Matt Hancock has announced new proposals to allow people to be with relatives in care homes who are gravely ill with coronavirus before they die, so that they can fulfil their “right to say goodbye”.
But the care sector responded with caution to the promise, saying that far more PPE (personal protective equipment) than is currently available would be needed to make the health secretary’s pledge possible.
Revised guidance for the care home sector, published on Wednesday, says that while homes should limit unnecessary visits, “we are clear that visits at the end of life are important both for the individual and their loved ones and should continue”.
The initiative follows a long series of reports about care homes going into effective lockdown, with relatives forced to say goodbye to loved ones through windows, by phone, or by letters read out by a care worker in protective clothing.

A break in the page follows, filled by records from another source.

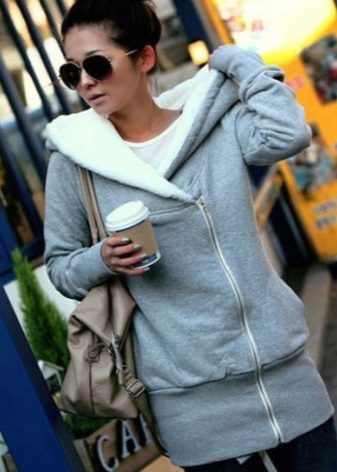 Jacket with a zipper. This clasp is very popular for sweaters complemented by a hood. Made from knitwear, this model is called a sweatshirt. It is worn in cool weather instead of a jacket or sweatshirt-sweatshirts.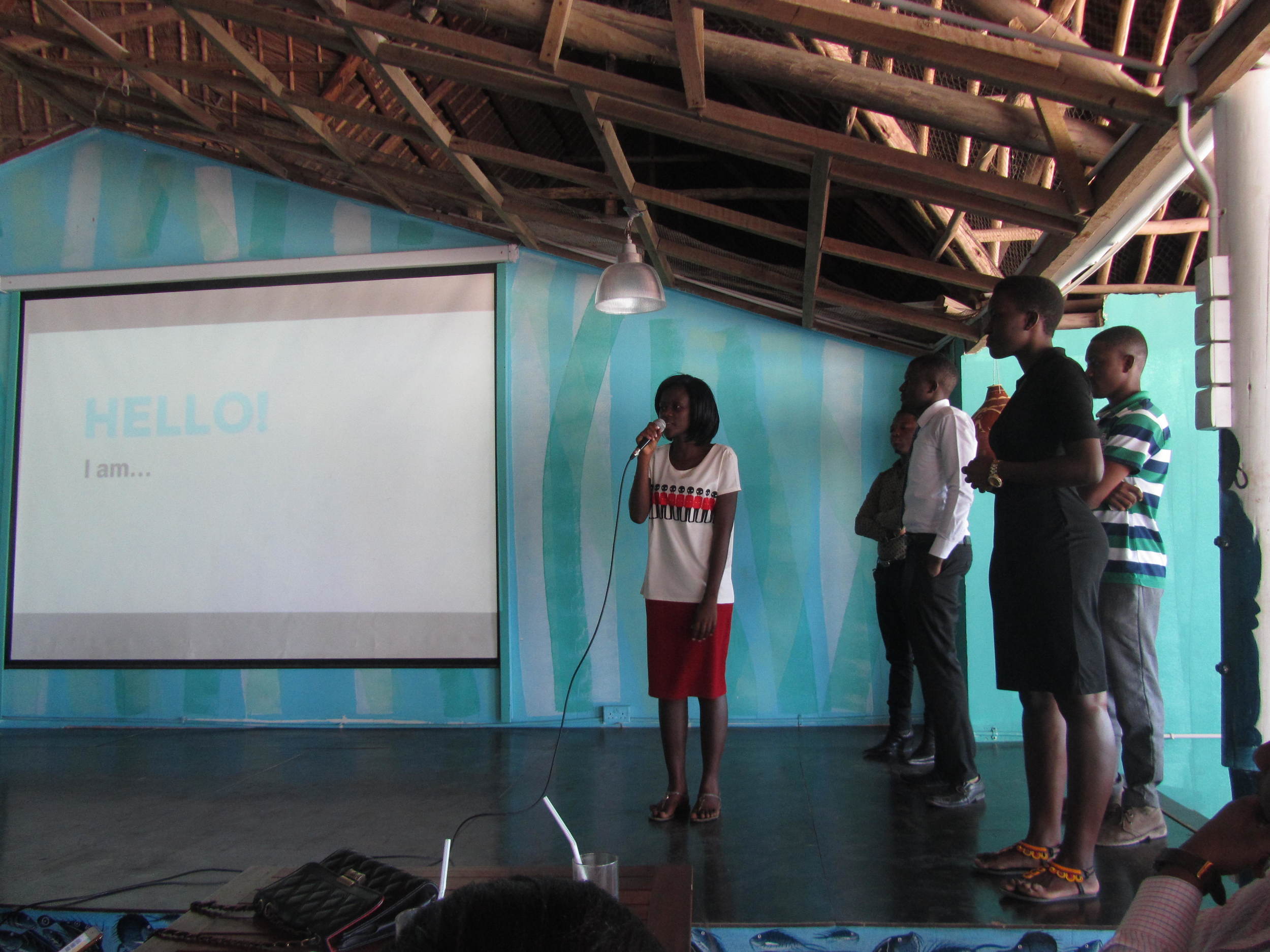 A woman is speaking into a microphone on stage during a presentation, with a group of people standing behind her. A projection screen displays 'HELLO! I am...' in the background. The setting appears to be a wooden, open-air venue.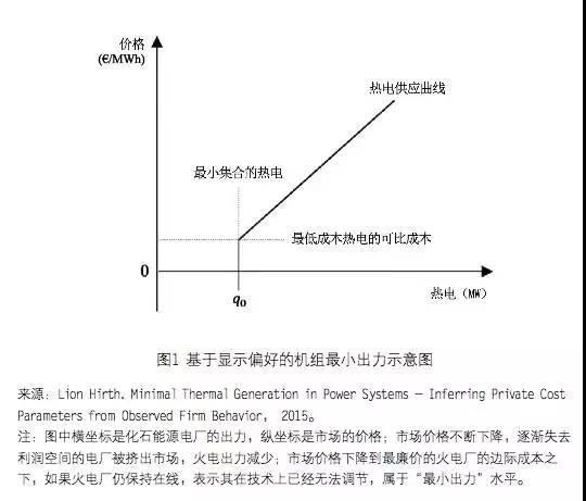? 向下的調(diào)峰涉及最小出力問(wèn)題, 這方面的討論仍舊是非常不透明的。如果系統(tǒng)所有的機(jī)組都實(shí)現(xiàn)了最小出力,那么 證明系統(tǒng)存在嚴(yán)重的供大于求,價(jià)格需要大幅跌落,以將盡可能多的出力擠出。電 價(jià)不斷下降到低于燃料成本的程度(比如 0.1 元 / 千瓦時(shí)—0.15 元 / 千瓦時(shí)),靈活 的煤電就寧愿盡可能地停機(jī),而不愿意留在序列里承擔(dān)虧錢(qián)的損失了。那么剩下的, 就是的確“往下調(diào)不了”或者不足夠靈活參與下一階段市場(chǎng)的那部分。這種基于“顯 示偏好”的最小出力,往往比測(cè)算出的技術(shù)性最小出力要準(zhǔn)確得多(見(jiàn)圖1)。

In one care home in Buckinghamshire, the wife of a dying man passed some of her perfume through to a care worker to place under her husband’s chin to evoke a final memory. In another home in Nottinghamshire, one family’s only opportunity to say goodbye was to gather in the car park and watch as undertakers removed their loved one’s body.
The Department for Health and Social Care said that rather than a change of policy, the move was an attempt to help care homes to be as flexible as possible in allowing visits when a resident is approaching death, given proper infection control measures.

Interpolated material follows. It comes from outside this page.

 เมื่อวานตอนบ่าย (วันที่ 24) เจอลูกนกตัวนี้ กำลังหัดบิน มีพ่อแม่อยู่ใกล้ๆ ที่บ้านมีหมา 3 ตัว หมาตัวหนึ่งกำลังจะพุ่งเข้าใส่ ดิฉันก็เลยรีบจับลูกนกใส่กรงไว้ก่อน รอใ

Some care homes have been taking steps to allow people in to see their loved ones in final moments, but it has been done on an ad hoc basis.
A spokesperson for MHA, one of the largest charitable providers of care homes, said that the announcement had little practical impact. “There is nothing stopping relatives saying goodbye in care homes now as long as they have sufficient PPE,” they said. “So this goes back to the problem of there not being sufficient PPE for the staff, never mind families.”
Prof Martin Green, the chief executive of Care England, welcomed the promise of “new procedures” to allow loved ones to say goodbye, but noted that it would not be practical in many settings.
“If that is going to be developed, that is great,” he said. “It will be easier to do in some settings than others. Some sites will have to make the decision about whether there is a risk to others in the home. If they provide much higher levels of PPE, that should make it possible.”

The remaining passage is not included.